A lot of people will, by now, have realised it’s worth paying a bit more for a dependable service. Business people and holiday makers alike expect reliability, without which no airline can expect to survive in today’s competitive market.
Brian Davies, Bury St Edmunds, Suffolk
The Ryanair cancelled flights fiasco becomes more and more of an incredible mess by the day. I can’t help thinking there is a lot more to this story than we have been told. A large number of pilots going to Norwegian Air and the mix up in the holiday rota, is only scratching the surface by way of an explanation. Could Michael O’Leary be related to Gerald Ratner – boss of jewellers Ratners who slated his own products and wiped £500m off its value – by any chance? And will confidence in Ryanair go the same way as confidence in that firm?
Dai Woosnam, Grimsby North East Lincs
It’s hardly surprising that passengers are calling for a boycott of Ryanair after the latest flights debacle (Mirror, September 29).
O’Leary has shown contempt for his customers by cancelling a further 18,000 flights which will ruin the travel plans of up to 750,000 people. The problem is, though, he has passengers over a barrel because he knows they want cheap flights.
Geoff Lake, Washington Tyne & Wear
It wasn’t so long ago that it was reported Ryanair boss Michael O’Leary said he was underpaid on a wage of £3 million a year.
Now that he is bringing the airline to its knees and ruining thousands of people’s holidays, does he still think he’s underpaid?
Mick Rutland, Stockton-on-Tees Teesside
Surely Ryanair boss Michael O’Leary has to be the frontrunner in the ‘Grinch Award’ for Christmas’s biggest villain. Not only has he caused misery for hundreds of thousands of passengers so far, the new raft of flight cancellations announced by the airline will affect 18,000 flights, ruining Christmas holiday plans for thousands more.
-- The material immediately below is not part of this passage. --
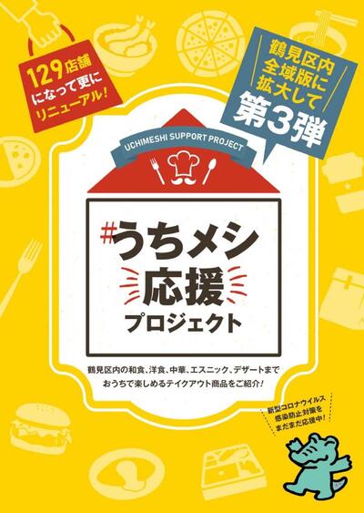 鶴見区では、自粛生活をおいしく、楽しく過ごすために鶴見の飲食店を応援してきた「#うちメシ応援プロジェクト実行委員会」と協定を締結し、区内飲食店のメニューやテイクアウト等の情報を掲載した「#うちメシ応援プロジェクト(パンフレット)」を発行しました。

O’Leary and Ryanair will not learn from this fiasco unless people hit them where it hurts hardest – in ticket sales and therefore profits.
Boycott Ryanair!
A J Smith, March, Cambs
Ryanair’s cost-cutting exercises and other schemes have seemingly finally caught up with them and bitten them on the proverbial. Perhaps the Civil Aviation Authority should examine the ability of this airline to provide a safe service if it is so short of pilots.